What does the amendment say? Is the quote given identical to the original amendment, or is it a watered down conference statement? It doesn't seem to have any content. At the very least, I would want to know on which side of the creationism/evolution debate it belongs. AxelBoldt

Johnson as author[edit]

What is the basis for saying Johnson was the author? This may be true, but I would like to know the source. Thanks. --VorpalBlade 14:38, 18 Apr 2005 (UTC)

As far as I know he helped draft the language, though the authorship may be shared with Santorum lackeys. A lexus-nexus search of articles from that time will show that. Joshuaschroeder 16:00, 18 Apr 2005 (UTC)
What is the basis for saying Johnson isn't a creationist? As defined on that wikipedia page he sure is one. Joshuaschroeder 16:00, 18 Apr 2005 (UTC)

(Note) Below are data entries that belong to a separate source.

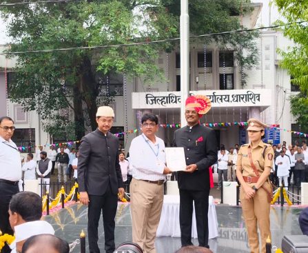 जगदीशचंद्र जोशी,विशेष प्रतिनिधी धाराशिव,दि.१७-कार्यालयीन सुधारणा विशेष मोहिमे अंतर्गत सहाय्यक आयुक्त (मत्स्य व्यवसाय)जलील अहमद पटेल यांचा पालकमंत्री प्रतापराव सरनाईक यांच्या हस्ते गौरव करण्यात आला. राज्य शासनाच्या अंतर्गत शंभर दिवसांची कार्यालयीन सुधारणा विशेष मोहीम अंतर्गत सहाय्यक आयुक्त मत्स्यव्यवसाय धाराशिव कार्यालय हे सर्वोत्कृष्ट कामगिरी बजावलेली राज्यातील जिल्हास्तरीय शासकीय कार्यालयांमध्ये प्रथम क्रमांक मिळाला आहे.याबद्दल सहाय्यक आयुक्त जलील […]
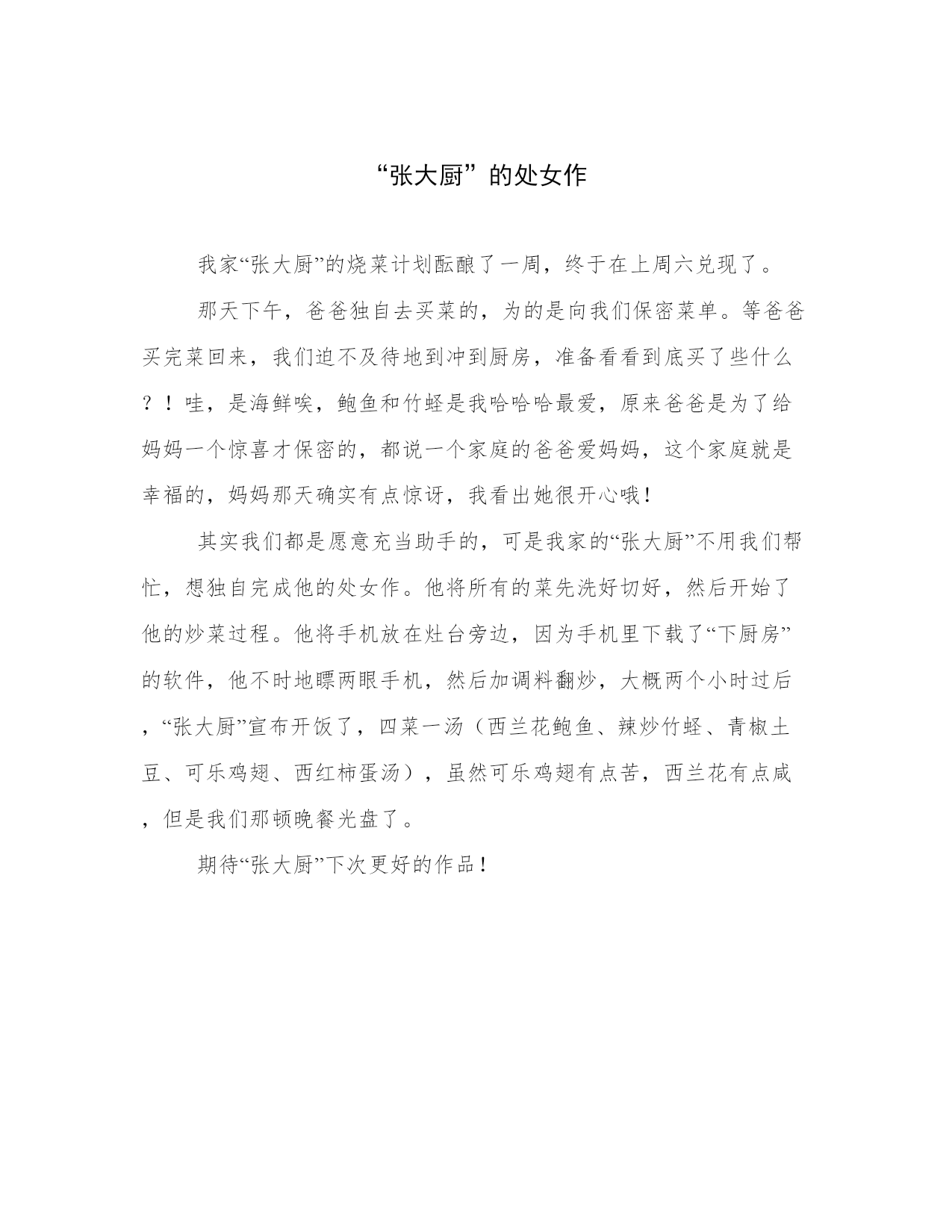 “张大厨”的处女作我家“张大厨”的烧菜计划酝酿了一周,终于在上周六兑现了。那天下午,爸爸独自去买菜的,为的是向我们保密菜单。等爸爸买完菜回来,我们迫不及待地到冲到厨房,准备看看到底买了些什么?!哇,是海鲜唉,鲍鱼和竹蛏是我哈哈哈最爱,原来爸爸是为了给妈妈一个惊喜才保密的,都说一个家庭的爸爸爱妈妈,这个家庭就是幸福的,妈妈那天确实有点惊讶,我看出她很开心哦!其实我们都是愿意充当助手的,可是我家的“张大厨”不用我们帮忙,想独自完成他的处女作。他将所有的菜先洗好切好,然后开始了他的炒菜过程。他将手机放在灶台旁边,因为手机里下载了“下厨房”的软件,他不时地瞟两眼手机,然后加调料翻炒,大概两个小时过后,“张大厨”宣布开饭了,四菜一汤(西兰花鲍鱼、辣炒竹蛏、青椒土豆、可乐鸡翅、西红柿蛋汤),虽然可乐鸡翅有点苦,西兰花有点咸,但是我们那顿晚餐光盘了。期待“张大厨”下次更好的作品!
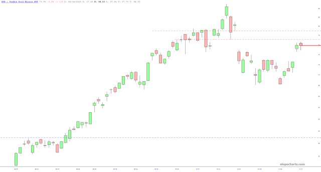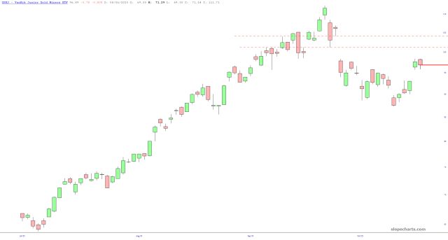 As I mentioned, I bought DUST this morning at 10.08 with a stop at 9.65. The charts of the miners suggest to me they’re about to turn south.

The two definitions at dictionary.com show:

cre·a·tion·ism n. Belief in the literal interpretation of the account of the creation of the universe and of all living things related in the Bible


creationism

n : the literal belief in the account of creation given in the Book of Genesis; "creationism denies the theory of evolution of species"

I think this is the most common meaning, and it doesn't apply to Johnson. By your definition, 90% of Americans are Creationists.

Just out of curiousity, what have you read by him? --VorpalBlade 18:03, 18 Apr 2005 (UTC)

I have read Defeating Darwinism for one, which is basically anti-evolution in its endeavor and at the time of its publishing there really was no "Intelligent Design" reworking yet available. I've also read at least half a dozen articles by the man. He is definitely a lawyer and not a scientist (he has a hard time grappling with very basic scientific concepts in some of his books), but his goal is to influence the public sphere and not the scientific one and to that end he is a success in his own way.

Just because the dictionary defines creationism narrowly doesn't mean an encyclopedia should have such a narrow definition. Both creationists and non-creationists editting the page on creationism agree on the broader definition. Since the wikilink is to that article, if people are curious they can read why Johnson is considered a creationist by the broad standard. I wouldn't describe Johnson as a Young earth creationist, though as an article a few months back in Christianity Today pointed out, he does make arguments that are very sympathetic to them. He isn't as "old Earth" as many of the others in the ID movement. These all amount to nitpicking in areas that aren't really required for the nitpicking, and so if you want to include them here, that might be okay, but it would probably be better to include them on his wikipedia page. Joshuaschroeder 21:36, 18 Apr 2005 (UTC)


The real question is not "is it technically accurate?" The real question should be "what is the most accurate, and least misleading, way to describe his books?" I think mine is better. Do you think mine is inaccurate?
The book you read is a simple book intended for high school students and college freshman. You should read Darwin on Trial and his other serious works. --VorpalBlade 14:20, 19 Apr 2005 (UTC)
I read parts of Darwin on Trial -- the parts about science any way. I think the current description is okay, though we may have to change it a bit to keep the thing NPOV. Joshuaschroeder 14:47, 19 Apr 2005 (UTC)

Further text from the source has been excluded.